MAFA (Mast cell function-associated antigen) is a type II membrane glycoprotein, first identified on the surface of rat mucosal-type mast cells of the RBL-2H3 line. More recently, human and mouse homologues of MAFA have been discovered yet also (or only) expressed by NK and T-cells. MAFA is closely linked with the type 1 Fcɛ receptors in not only mucosal mast cells of humans and mice but also in the serosal mast cells of these same organisms.

It has the ability to function as both a channel for calcium ions along with interact with other receptors to inhibit certain cell processes. It function is based on its specialized structure, which contains many specialized motifs and sequences that allow its functions to take place.

== Discovery ==

=== Experimental discovery ===
MAFA was initially discovered by Enrique Ortega and Israel Pecht in 1988 while studying the type 1 Fcɛ receptors (FcɛRI) and the unknown Ca^{2+} channels that allowed these receptors to work in the cellular membrane.
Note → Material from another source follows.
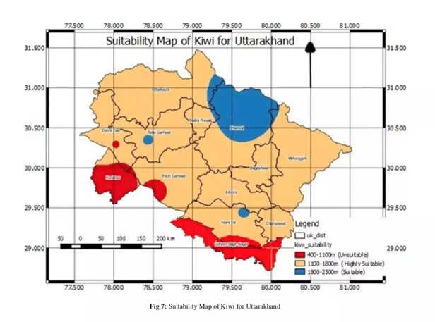Meanwhile, a 2018 study, Site suitability analysis for kiwi fruit plantation in Uttarakhand using GIS, has found kiwi fruit can be grown on the larger area of Uttarakhand state, most of the area of Uttarakhand state is highly suitable for growing the kiwi except District Udham singh nagar, Haridwar, and some part of Dehradun while district Chamoli, some part of Tehri Garhwal and some part of Nainital are suitable for growing Kiwi.
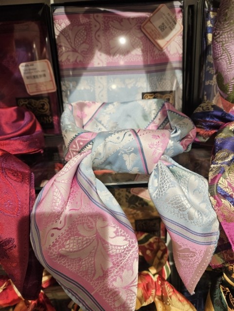 Silkeskjerf brukes til bunader og festdrakter over hele landet, men passer like godt som en "fargeklatt" for antrekk i hverdagen Det har blitt veldig populært å style opp bunaden med silkeskjerf. Str 70x70cm

Ortega and Pecht experimented through using a series of monoclonal antibodies on the RBL -2H3 line of rat mast cells. While experimenting and trying to find a specific antibody that would raise a response, the G63 monoclonal antibody was shown to raise a response by inhibiting the cellular secretions linked to the FcɛRI receptors in these rat mucosal mast cells. The G63 antibody attached to a specific membrane receptor protein that caused the inhibition process to occur. Specifically, the inhibition occurred by the G63 antibody and glycoprotein cross-linking so that the processes of inflammation mediator formation, Ca2+ intake into the cell, and the hydrolysis of phosphatidylinositides were all stopped. This caused biochemical inhibition of the normal FcɛRI response. The identified receptor protein was then isolated and studied where it was found that when cross-linked, the protein actually had a conformational change that localized the FcɛRI receptors. Based on these results, both Ortega and Pecht named this newly discovered protein Mast cell function-associated antigen or MAFA for short.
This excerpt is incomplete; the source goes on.